Kevin Van Trump, Founder

May 23, 2017

3 Min Read

Corn prices are talking a small step back after recently posting three week highs.The bulls continue to point to nearby weather hiccups in the way of too much moisture and temps that are well below normal. The concern is that lack of oxygen, shallow roots and fewer growing units will ultimately create a drag on longer-term yields.

The market added a bit of "risk-premium" and has been trying to push through the recent high end of the range. As a producer I took advantage of the recent run higher and have fully reduced old-crop flat-price exposure and sold a few more new-crop bushels. I'm also keeping a very close eye on the DEC18 prices as they trade around $4.10 per bushel. Not that I'm wildly bearish nearby,

I just hate the thought of having downside risk and exposure on my plate for three crop years, i.e. last years bushels, this years bushels and next years bushels. I'm also a bit worried about the basis in old-crop. I fear if prices take off and rally, end users and buyers of corn will simply widen out the basis as many are flush with supply. I'm also a bit concerned about the longer-term demand headlines for new-crop prices. Demand has been extremely strong to this point and has helped keep us afloat as we we've had to digest more than +2.0 billion bushels in ending stocks.

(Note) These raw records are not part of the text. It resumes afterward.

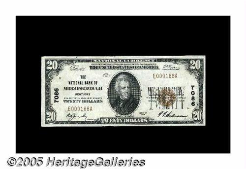<B>Middlesborough, KY</B></I> - $20 1929 Ty. 1 <B>The NB of Middlesborough</B></I> Ch. # 7086<BR>A crackling-fresh note with one sheet fold in the top margin, along with a small split in the same area. <B>Crisp Uncirculated.</B></I>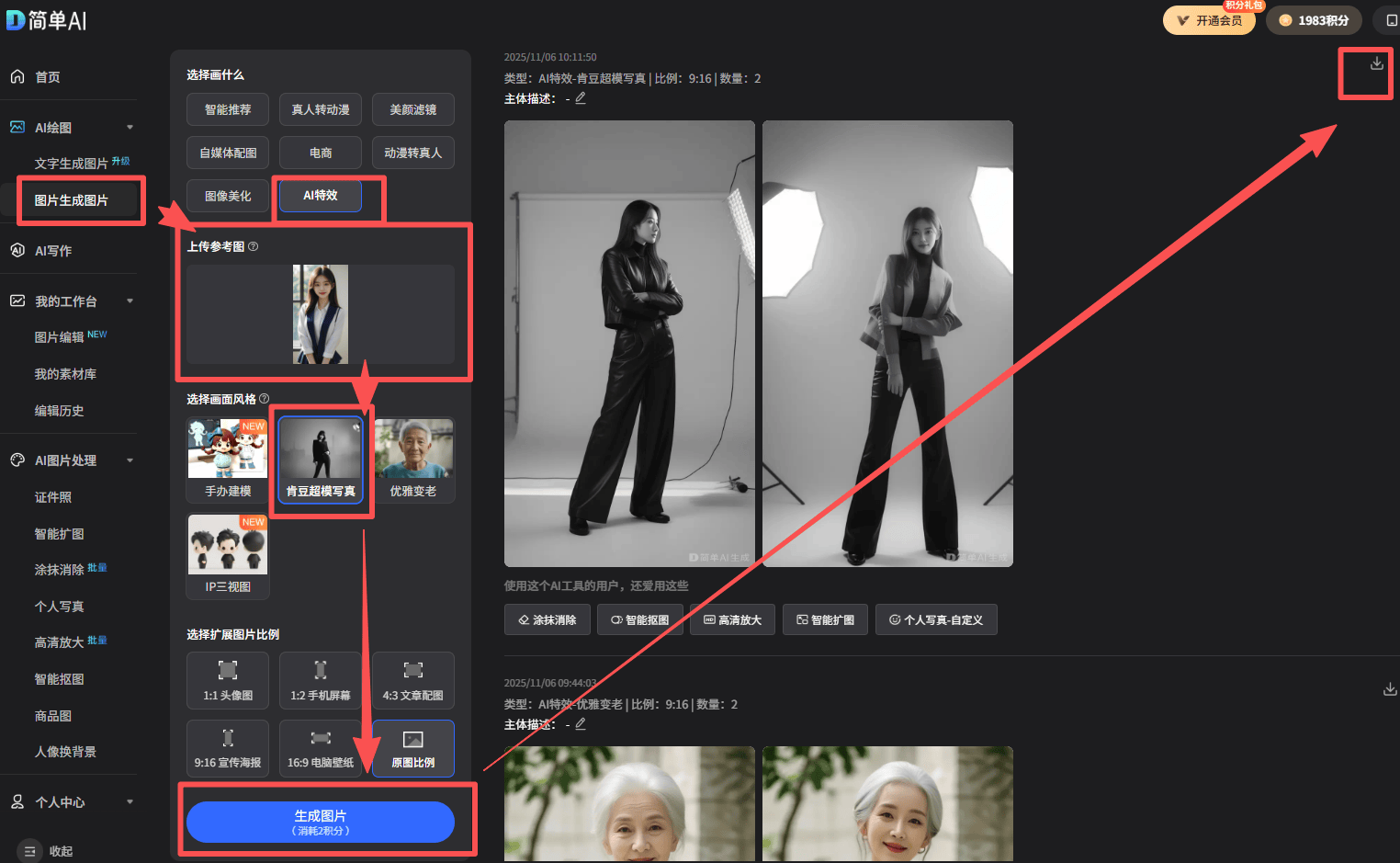 2️⃣ 戳图生图——AI特效——肯豆超模写真按钮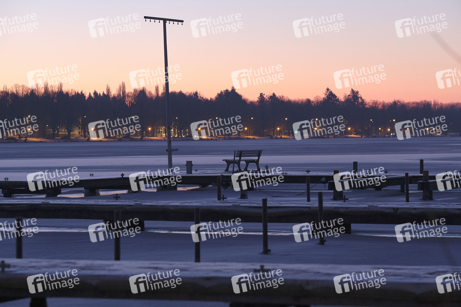 Zugefrorener Maschsee bei Sonnenaufgang im Winter. Hannover, 14.02.2021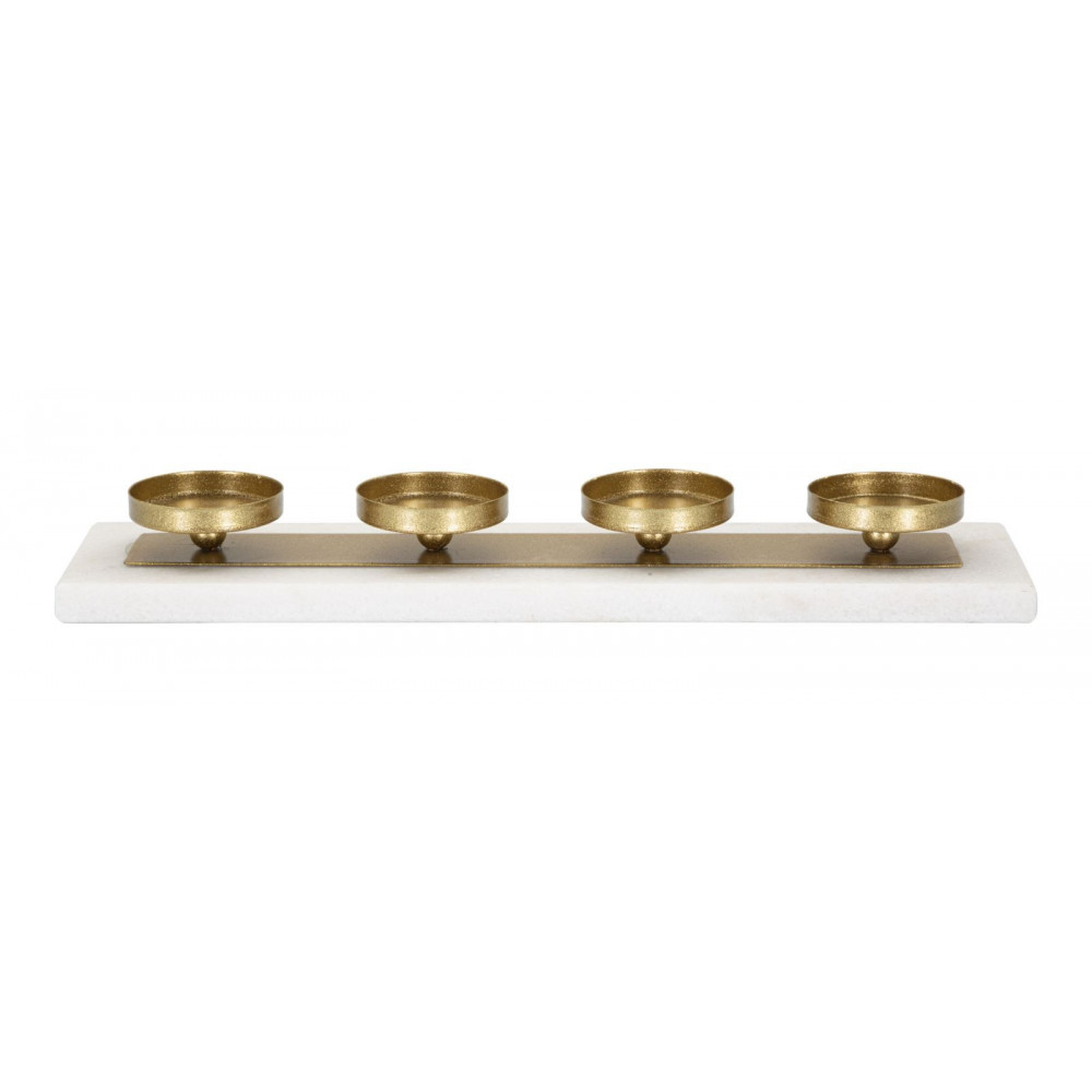 Portacandele rettangolare in metallo dorato con base in marmo bianco dalla linea semplice ed essenziale. Può contenere 4 candele.

My concern moving forward is that the demand headlines could start to cool. In the export world, the Argentine producers have very few place to go with their recently harvested corn and it will soon start pouring into the marketplace. Right behind that will be bushels pouring in from the record setting Brazilian crop. I'm also thinking corn for ethanol could start running into some headline risk as margins start to tighten and export demand becomes much more uncertain. In other words if the demand headlines cool off a bit, the trade will have to heavily rely exclusively on a bullish supply side story. It's early in the game and that could certainly materialize as heavy rains are causing complications, but I just don't want to bet the farm on a sub-160 yield, at least not at this juncture.

I like to think of "mid-April to mid-August" as the main time period for a U.S. weather market. If that's the case, we are now into the second quarter of play and quickly approaching half-time without having much of lead. In fact I'm not sure the bulls have much of a lead at all. The bears are quick to point to the fact soil moistures have clearly been recharged and temps in the extend forecast look to be near normal, perhaps a bit cooler to the west and a hair warmer to the east.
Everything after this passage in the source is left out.